Bungie gave the world one of the most beloved shooters of all time in Halo. Now in partnership with Activision, they are looking to repeat the cycle with Destiny. An ‘always online’ multiplayer shooter that is looking to redefine how we look at the genre. Set 700 years in the future after space exploration and colonization became rampant and then crashed around mankind. On the brink of extinction and facing alien hostility, it is up to the last guardians to protect what remains of our species. Using advanced matchmaking you will be partnered with players on the fly, for large scale fun fights to smaller more intimate co-op style missions. The game is designed to throw dynamic events at the players so your experience will always be expanding and developing. It’s a big ask, but the game looks incredible with a stunning art style and universe to explore. We can’t wait to see more of Destiny.
Same-console co-op gaming has been struggling of late. As more and more titles switch to online multiplayer and season passes, it’s mainly been the work of the indie and digital scene to provide that reason for having a second controller. 2012’s Lara Croft and the Guardian of Light was a superb spin off entry to the Tomb Raider franchise, so when a sequel - Lara Croft and the Temple of Osiris - was announced at E3 2014, we couldn’t wait to go hands on with it.

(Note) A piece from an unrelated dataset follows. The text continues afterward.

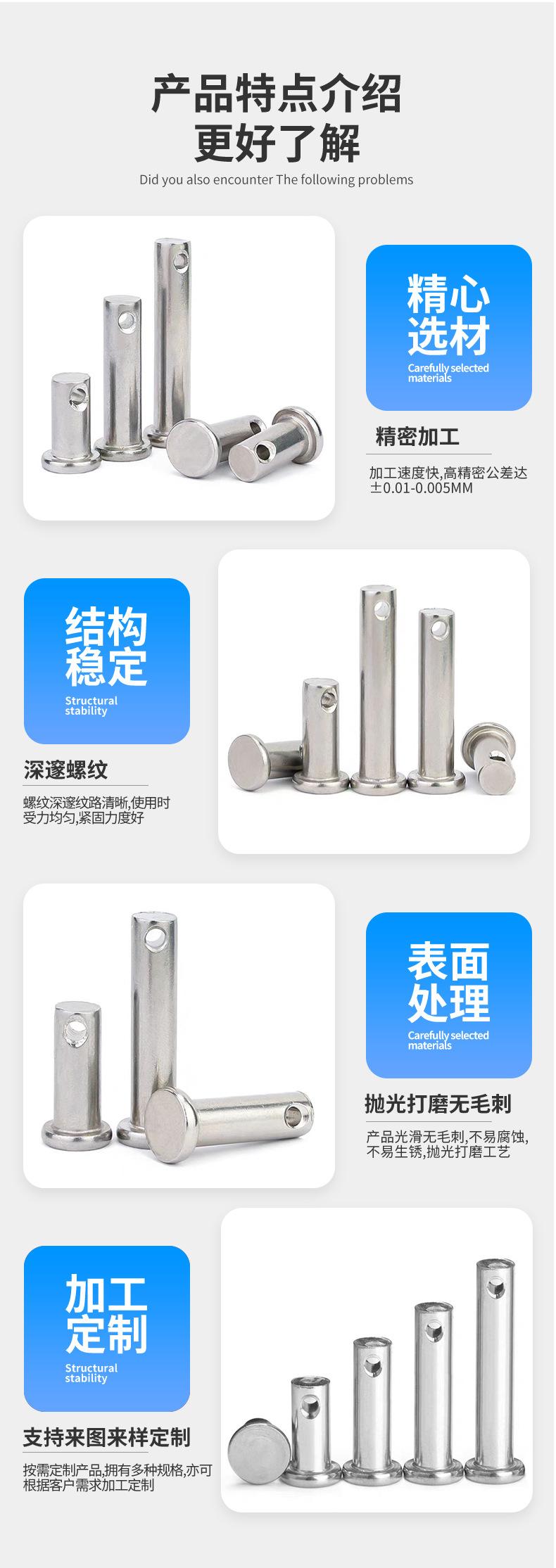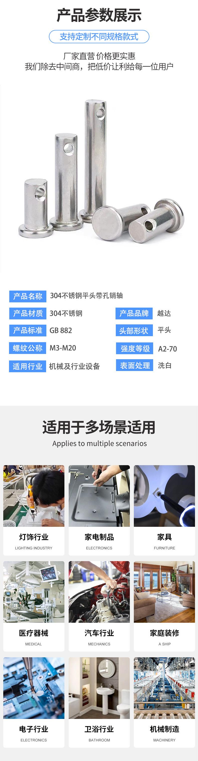Pasador de Cabeza Plana de Acero Inoxidable 304 con Orificio/Pasador Hendido de Acero Inoxidable con Orificio Pasador Cilíndrico M3-M20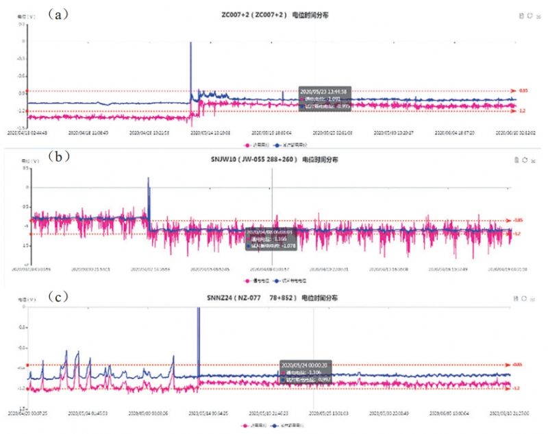 圖 3 a為SIM卡接觸不良問(wèn)題整改前后通斷電電位變化情況。SIM卡接觸不良,將導致電位數據無(wú)法正常傳輸,整改后,重新上傳數據。圖 3 b為重新標定采集儀前后通斷電電位變化情況。圖 3 c為更換采集儀前后通斷電電位變化情況,采集儀屬于智能測試樁的數據處理中樞,校準或維修后電位值恢復正常。

Coming to New Gen consoles and PC, Lara and rival treasure hunter Carter Bell (Stringer’s brother?) find themselves being hunted through the temple by the evil god Set. Luckily you have a couple of Egyptian gods of your own onside, Horus and Isis, who take the co-op action up to 4 players this time out. The gameplay, thankfully, hasn’t been altered all that much. This is still superb twin stick action and platforming, with the puzzles on hand to keep you thinking and upgrades and collectibles absolutely everywhere.
The extra power of the Xbox One and PS4 have allowed more than just the 4 player co-op though. Dynamic lighting and weather effects make every room come alive and really elevates Temple of Osiris above the usual standard of a download title. The extra co-op partners bring so much fun to the game as you fight over points and kills, and it’s this competitive edge that made my demo as fun as it was. Even the puzzles have a dynamic element as they adapt to the number of players making sure everyone playing is central to moving forward.
The biggest thing I took away from Lara Croft and the Temple of Osiris is how fun the demo I played was, how much I’m looking forward to playing it again, and how exciting the digital games market is getting now.